Ooooh, that’s two large red flags for me (disregarding the litany of red flags the concept in general has). Every town being involved makes me question the data on its face, given the number of times I saw gang violence near a school out of school hours listed as a school shooting in their database, as does a large percentage increase with no hard numbers. If they recovered 1 gun last year and 11 this year, that’s a 1000% increase, but the percentage sounds so much worse than the real number.
Good luck. Tough to pick a more DIY-oriented bunch of hobbyists who would rather build their own hardware and compile their own software over allowing their printer to narc on them to the government.
RepRap 2: Countersurveillance Boogaloo, launching soon.
I am feeling bad for all the people that bought Bambu.
Us digital hippies just believe in free data and world peace, man.
in the name of public safety
In the name of gutting small manufacturing and the ability to repair your own devices. This has never had anything to do with safety, as they can’t even do the thing the bill demands. Fucking asinine
Next steps I’m sure. Then they ban you from printing anything that resembles a patented device, anything that looks like a medical device (can’t skip certification), and anything that looks like a toy (SAVE THE CHILDREN!).
Glad I got one with open source firmware before it all goes totally to shit
Assembly Bill 2047, the California Firearm Printing Prevention Act, passed the state Assembly by 58 votes to 19 and has moved to the Senate.
Why use AI generated bullshit images like this techspot…

That appears to be the 3D Systems Cube 2 3D Printer:
Is it AI generated though? The quality looks pretty good to me

The text is fine, but thats not a printer ive ever seen, i dont think its a real product, looks like a promotional render for some kind of small form factor printer with a built in dry chamber. Cool idea, but its not a real product, or its incredibly low volume.
Edit: also the “gun” is bigger than the print bed, which cant happen. And the gun is huge, way bigger than actual gun unless that printer is tiny tiny. It might be a 3d render but 100% not done by someone who understands how any of this tech works.
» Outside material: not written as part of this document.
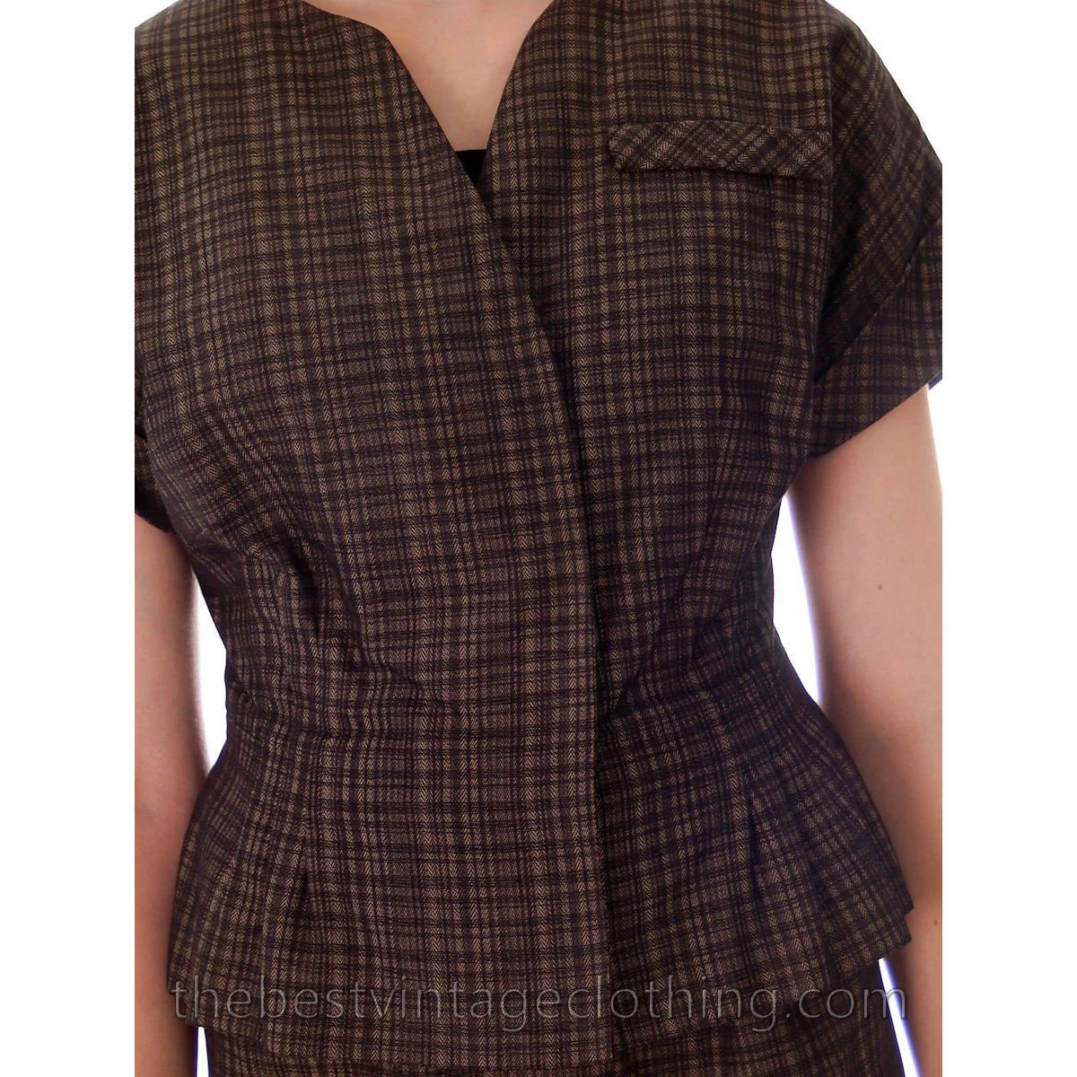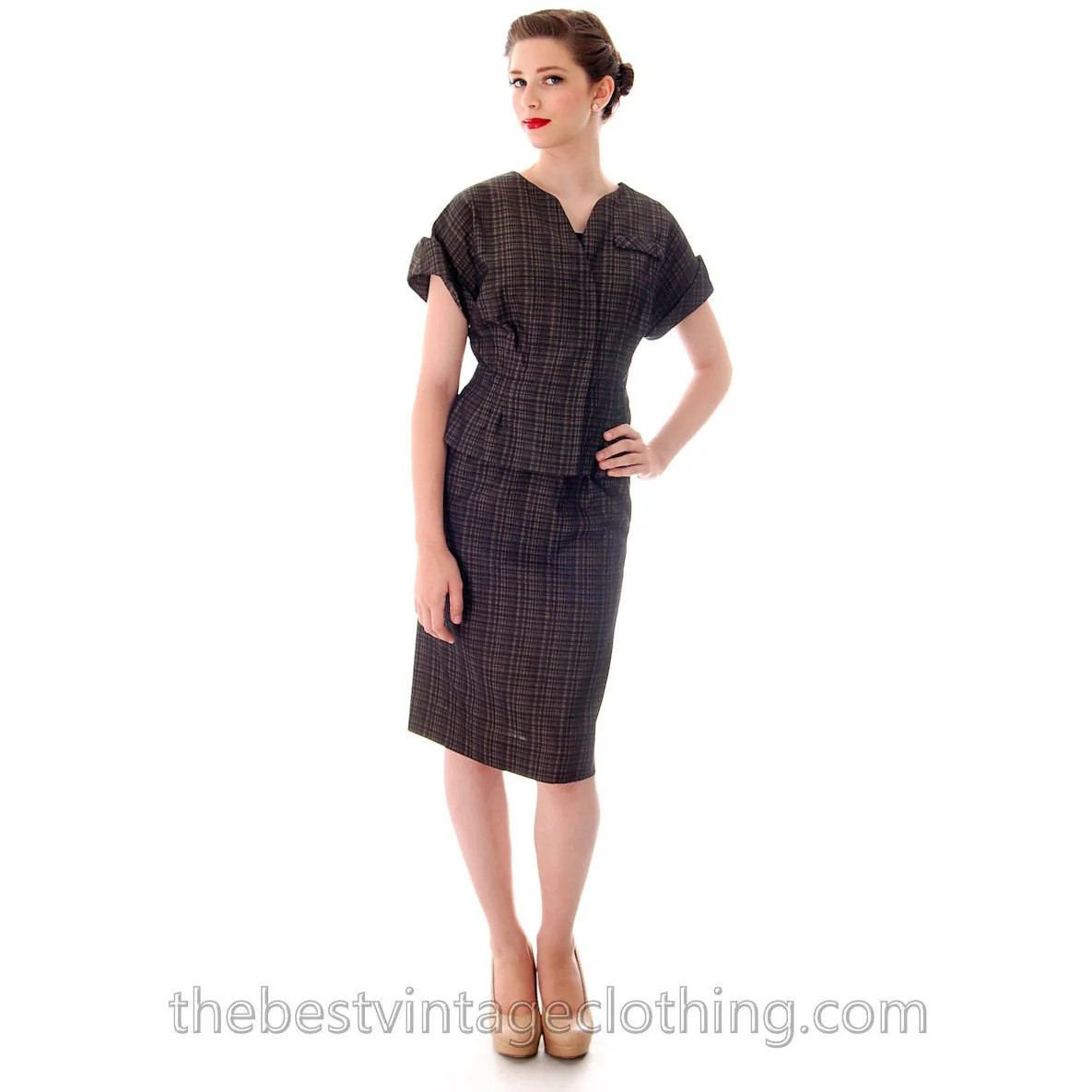 Elegant 1940s silk plaid couture suit by Blums-Vogue, Chicago, in taupe and black with subtle chevron weave. Features a sculptural peplum jacket with hidden closure and a straight pencil skirt with slit. Exquisite tailoring and couture-level construction.

AI would be a strong candidate for all the mistakes
, i dont think its a real product,
Cubify 3D

only 140mm buildplate, what? is this a gun for ants?!

I posted above, but it is a real product:
3D Systems Cube 2 3D Printer:
Neat, if i wasnt trying to avoid bed slingers might have picked one up
Sad to see AI, but honestly that image made me laugh, because it seems to come straight from the mind of the author of this bill.
Hah true, it is sufficiently ridiculous and stupid.